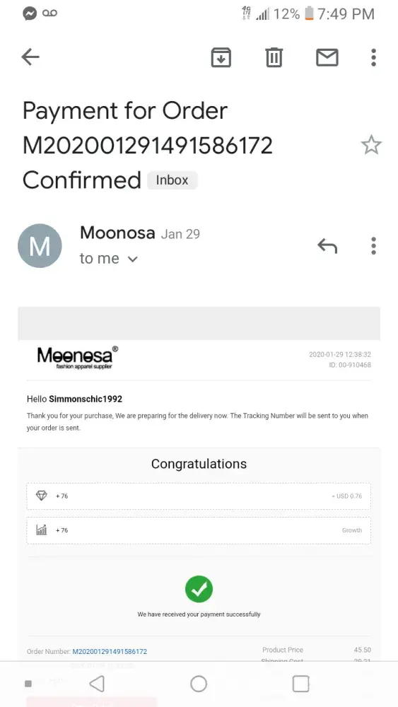 I made an order through moonosa but never got my package because they put an unrecognizable address which of the one wrong of course in the usps post office man said that it not recognized as a delivering address I need my money back or. they need to resend I. D number W202012144013629200. Transaction I. D 8NK36394ML809540K the total amount was $62.56
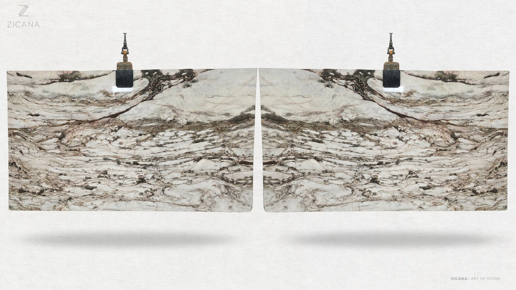 Crema Europa Marble boasts a mostly white base with striking veining in shades of brown and gray that resemble flowing lines or tree bark. These varying patterns add depth and a sense of natural movement to the surface, giving the stone a unique, organic appearance.
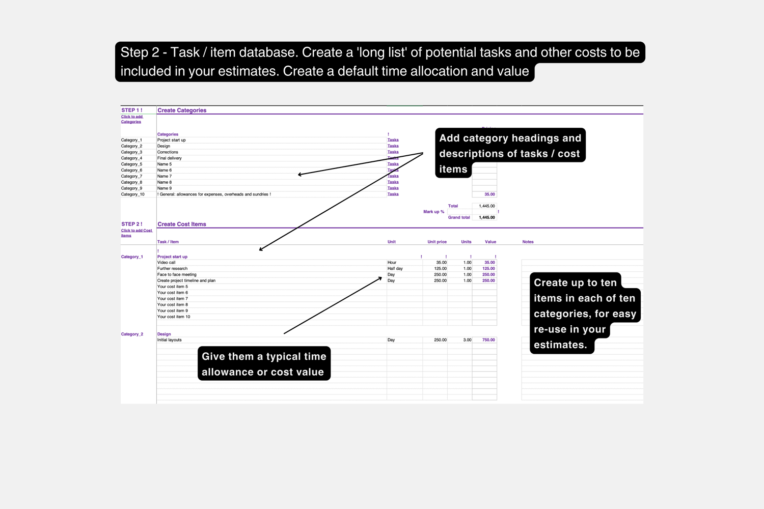 Sheet 2 - Cost item database, a 'long list' of potential tasks and other costs to be included in your estimates - add category headings and descriptions of tasks / cost items and give them a typical value (up to ten items in each of ten categories).
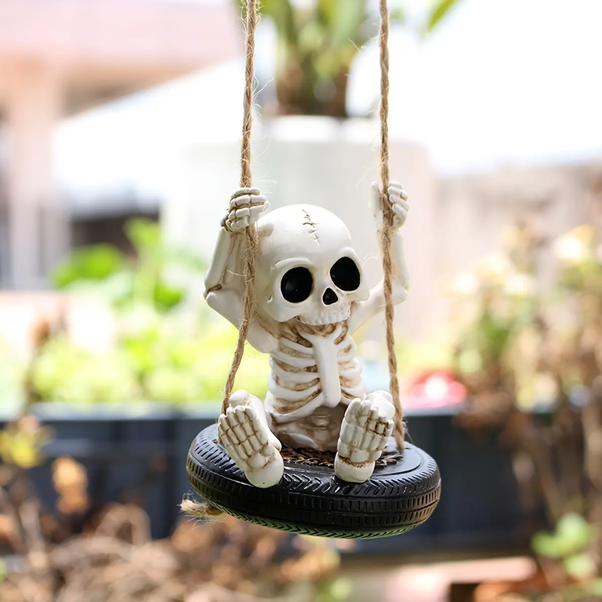 Unique Tire Swing Skull Pendant, Hanging Garden Statue, Halloween Gift, Outdoor Fall Decoration, Tree Hang Decor, Patio Lawn Accent
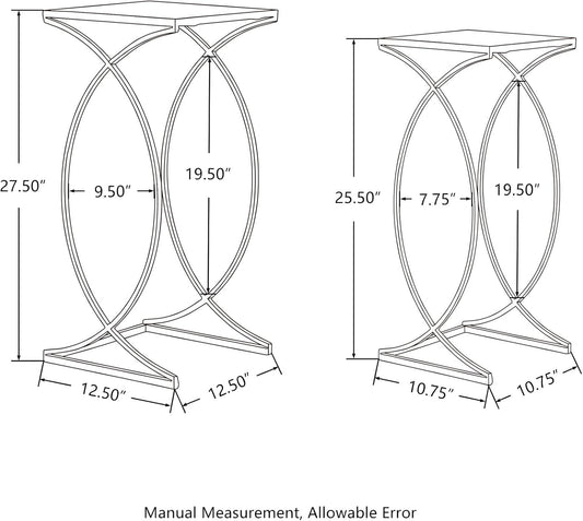Nesting Side Tables, Set of 2 Modern End Tables with Metal Frame & Tempered Glass Top, Coffee Tables Decorative Accent Tables for Small Space Living Room Office - Silver
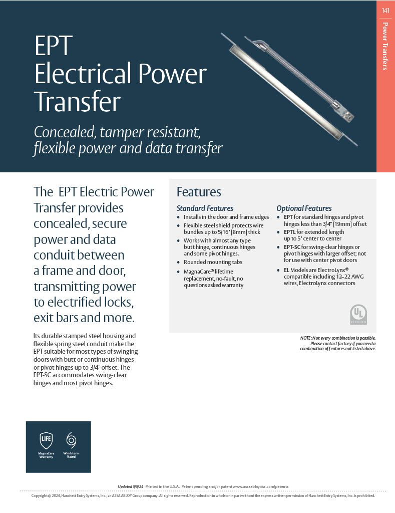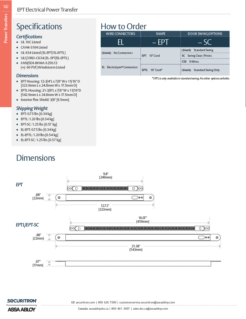 - Securitron EPTL - Electrical Power Transfer - Long Version
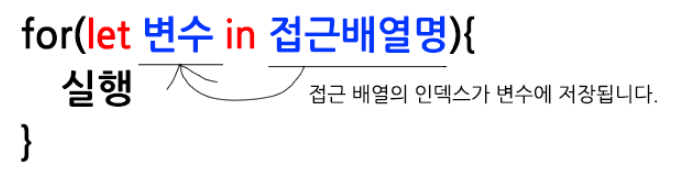 for(let 변수생성 in 접근배열명)
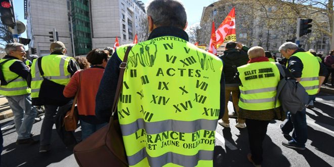 خرج محتجو السترات الصفراء في شوارع باريس وليون ومدن فرنسية أخرى مجدداً اليوم للسبت السادس والعشرين على التوالي رفضاً وتنديداً بسياسات الرئيس امانويل ماكرون وإجراءاته لاحتواء الأزمة داعين إلى التصويت ضده في البرلمان الأوروبي.
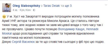 "Изуродована могила.. Николая Аркаса. В Украине, на Закарпатье", - написал он и опубликовал несколько фото с места инцидента.
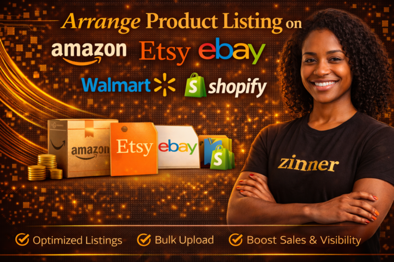Arrange Product Listing on Amazon, Etsy, eBay, Walmart & Shopify
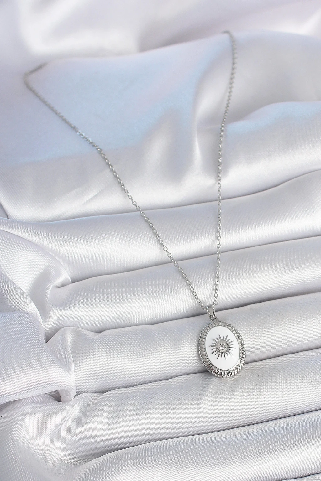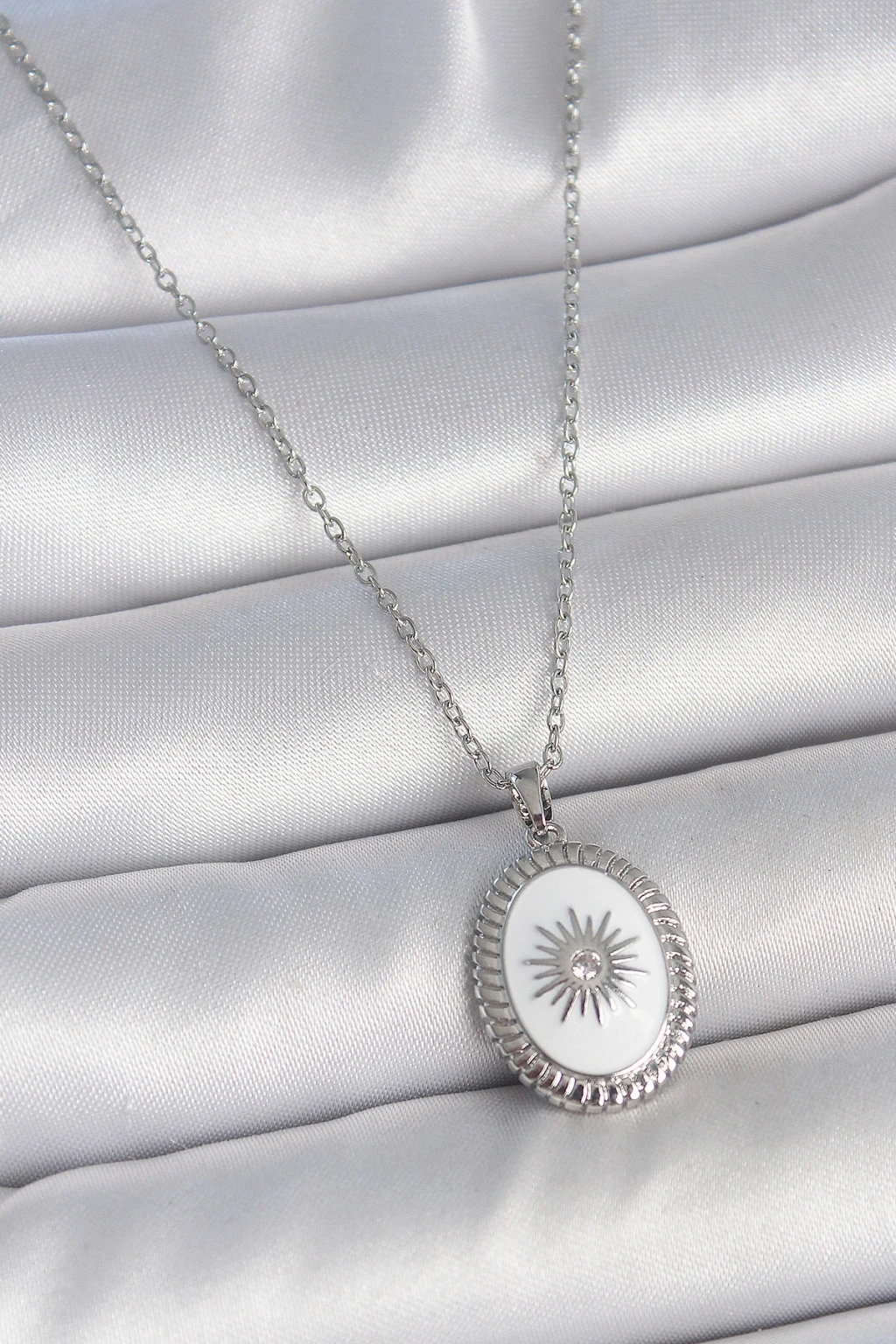 316L Çelik Gümüş Renk Beyaz Mineli Güneş İşlemeli Nazar Boncuk Detay Madalyon Model Kadın Kolye - TJ-BKO10054
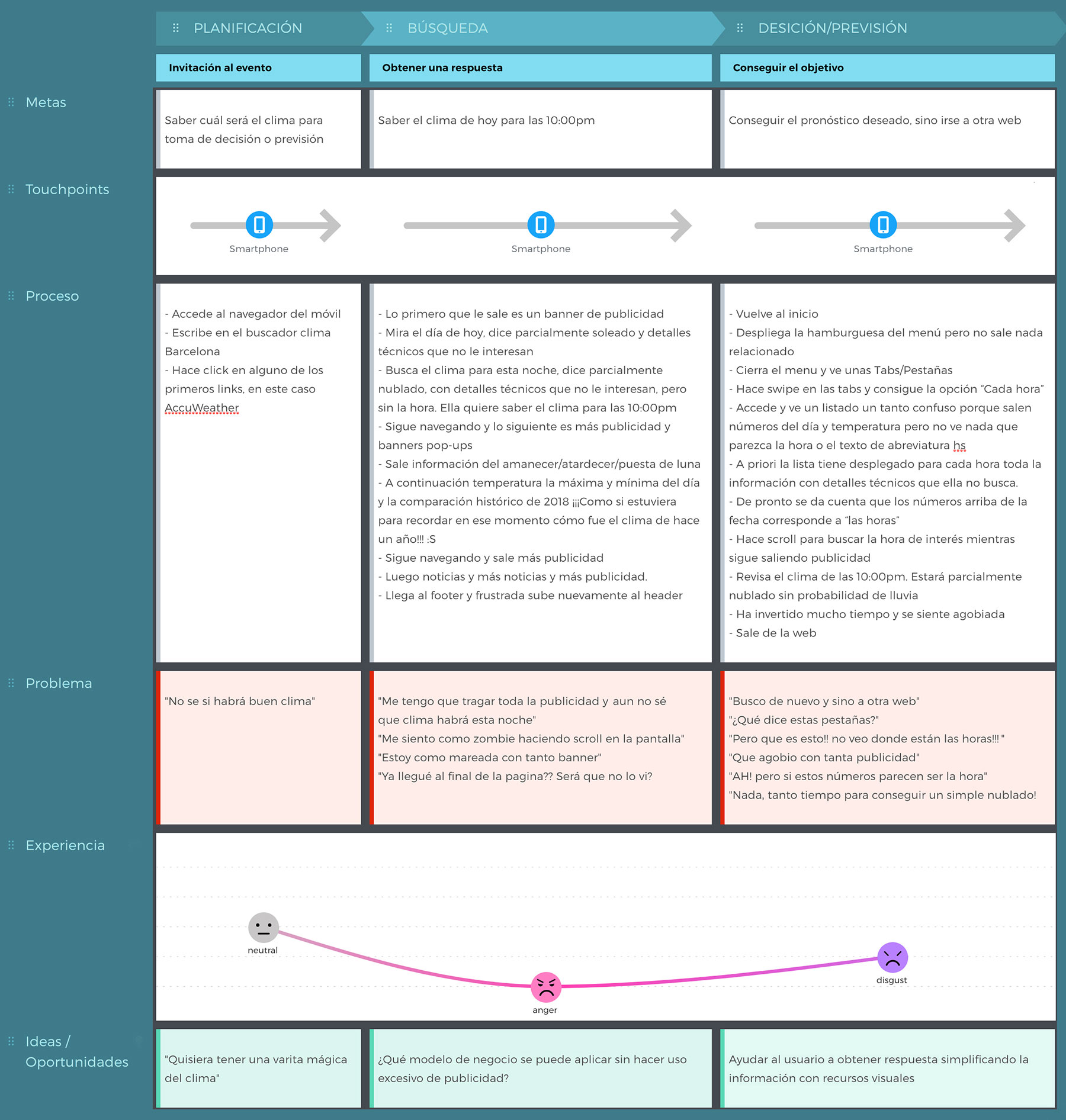 El resultado del Customer Journey map muestra a un usuario insatisfecho por invertir mucho tiempo en la búsqueda, agobiado por la publicidad, frustrado por no entender ni ver los resultados del clima que busca, y el cual termina su experiencia consiguiendo lo que buscaba pero sintiéndose molesto.
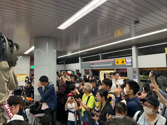 「6000系」のラストランは、午後6時の「本通発広域公園前行」です。出発地点となる広島市中区の「本通駅」には、一目見ようと多くのファンが訪れ、見送りました。
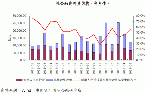 报告还指出 ,人民币贷款占社会融资总量的比重重新上升。相比3月份人民币贷款在社会融资总量的占比仅为41.7%,4月份和5月份的这一比重均出现了上涨,其中5月份这一比重达到了56.1%,重新回到了去年年中的水平。

What you will do: In the listing above, find the line with "Arrange Product Listing" and the line with "El resultado del". Set down exactly those lines and everything between them, skipping pictures.

Task solution:
Arrange Product Listing on Amazon, Etsy, eBay, Walmart & Shopify
 316L Çelik Gümüş Renk Beyaz Mineli Güneş İşlemeli Nazar Boncuk Detay Madalyon Model Kadın Kolye - TJ-BKO10054
 El resultado del Customer Journey map muestra a un usuario insatisfecho por invertir mucho tiempo en la búsqueda, agobiado por la publicidad, frustrado por no entender ni ver los resultados del clima que busca, y el cual termina su experiencia consiguiendo lo que buscaba pero sintiéndose molesto.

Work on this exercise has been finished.